I created a “minimalcurl” port that installs libcurl with vastly fewer deps to install into /opt/bootstrap to trim this up for my own use.

Perhaps if we asked nicely Ryan might feel such a subport of the curl port might be created.

comment:105 in reply to:  104 Changed 5 months ago by noloader (Jeffrey Walton)

Replying to kencu:

just an observation…. the current curl port has become quite onerous with recursive deps on older systems lately.

I created a “minimalcurl” port that installs libcurl with vastly fewer deps to install into /opt/bootstrap to trim this up for my own use.

Perhaps if we asked nicely Ryan might feel such a subport of the curl port might be created.

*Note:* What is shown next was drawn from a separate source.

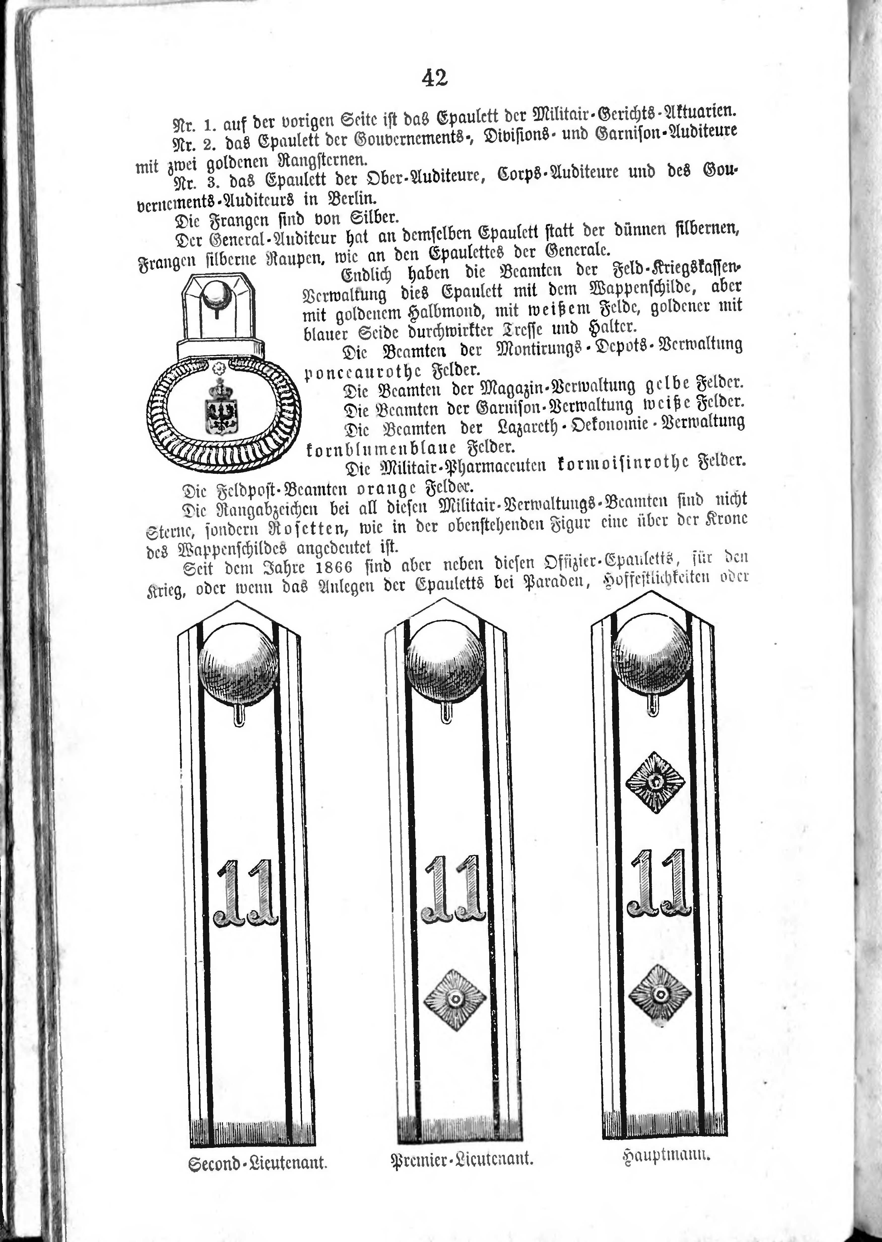 Seit dem Jahre 1866 sind aber neben diesen Offizier-Epauletts, für den Krieg, oder wenn das Anlegen der Epauletts bei Paraden Hoffestlicheiten oder

Wget is much easier to bootstrap than cURL. Wget has two minimal dependencies. Also see comment 62, https://trac.macports.org/ticket/51516#comment:62.

comment:106 Changed 5 months ago by kencu (Ken)

perhaps I'll try out your build_curl.sh script instead of using macports to install curl into /opt/bootstrap. I just trust the macports installation so far, as it's so reliable.

As you know, macports can't build against wget, so you need to install curl/libcurl somehow/somewhere to get macports fully functional, then build against it.

I wouldn't want to confuse people into thinking that installing wget will make macports work, as it won't.

Add: your Build-Scripts repo is very nicely done ... great work, Jeffrey!

Last edited 5 months ago by kencu (Ken) (previous) (diff)
Note: See TracTickets for help on using tickets.